- {{{other_names}}}
- Marché de Kanyosha
- Kanyosha Market Location within Burundi
- Coordinates: 3°25′54″S 29°21′39″E﻿ / ﻿3.43155°S 29.36093°E

= Kanyosha Market =

The Kanyosha Market (Marché de Kanyosha) is a public market in the Kanyosha zone of Muha Commune, Bujumbura, Burundi.

==Location==

As of 2010 Kanyosha in the south of the city was one of six major markets in Bujumbura.
The others were Bujumbura Central Market; Kinama in the north, Buyenzi (Ruvumera) and Kinindo in the west; and Musaga in the south.

==Events and issues==
In 2016 seven markets in Bujumbura were closed so they could be rehabilitated with funding from the European Union, including Kanyosha.
Traders were given a deadline of 18 January 2016 to vacate their stalls.
Temporary sites were allocated for the markets.
The site for the Kanyosha Market was not named.
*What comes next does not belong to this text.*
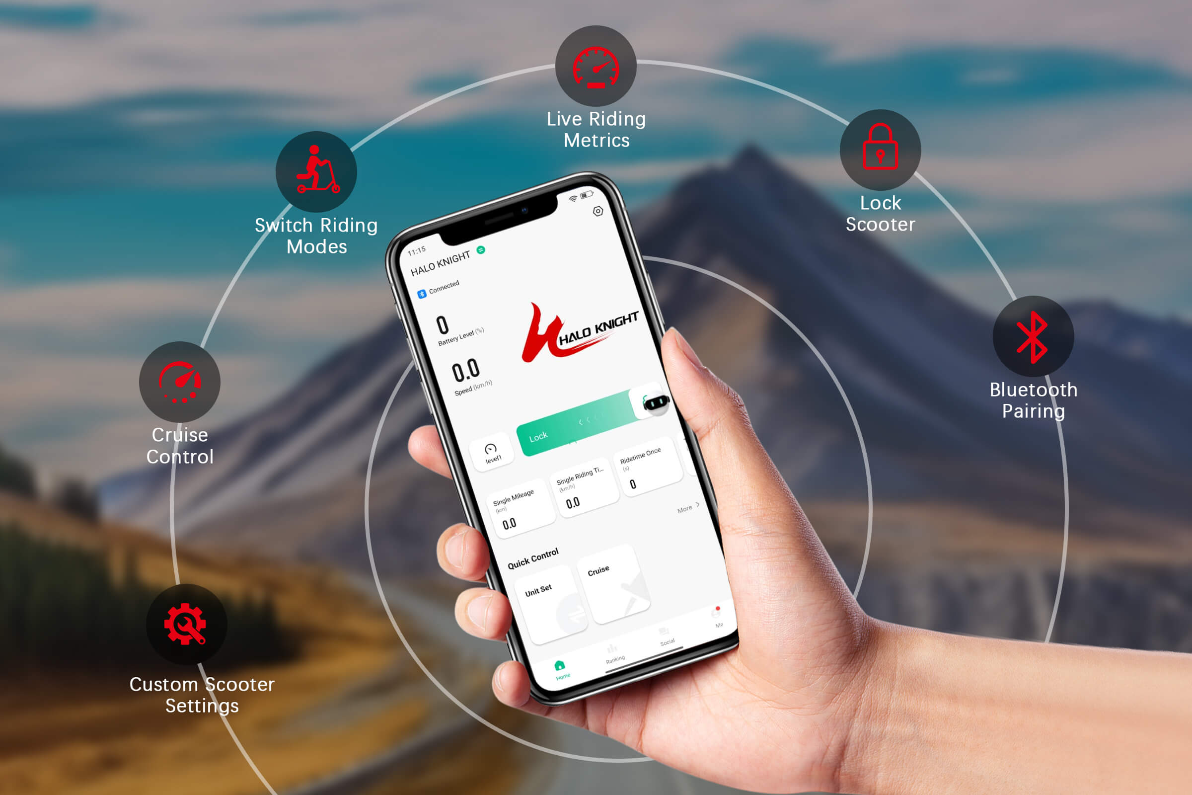 Connect via Bluetooth to lock, monitor, switch modes, cruise, and customize your scooter—all from your phone, for a seamless and intuitive riding experience.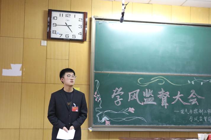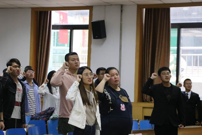 紧接着,院学风监督委员会主任滑金一为大家详细讲述了查课细则,并要求各位学风监督员签写承诺书,保证公平公正地为我院学风监督事业贡献出自己的一份力。最后,滑金一带领全体学风监督岗成员宣誓,用嘹亮整齐的宣誓声展示了自己对建设学院优良学风的信念与决心。

In June 2018 Kanyosha Market was incomplete and had been delayed due to problems in distributing the stands.
In August 2020 Wwacu reported that although the red roofs surrounded by brick walls gave the impression from outside of a modern market, inside there were no proper kiosks. Three workers were welding shelves in the sheds, but 799 metal kiosks were yet to be built.
The reason was that only 200 traders out of 799 had paid their fees to Alubuco, the kiosk construction company.

On 5 March 2021 Kanyosha market finally reopened.
There were meant to be 800 metals kiosks, but welders were still working on incomplete stalls.
A report in November 2022 said that the traders had to pay waste collection companies to collect garbage.
The "Green Network" company was doing a good job of collecting waste.
The market administration would also assist by unclogging gutters and setting up public garbage bins.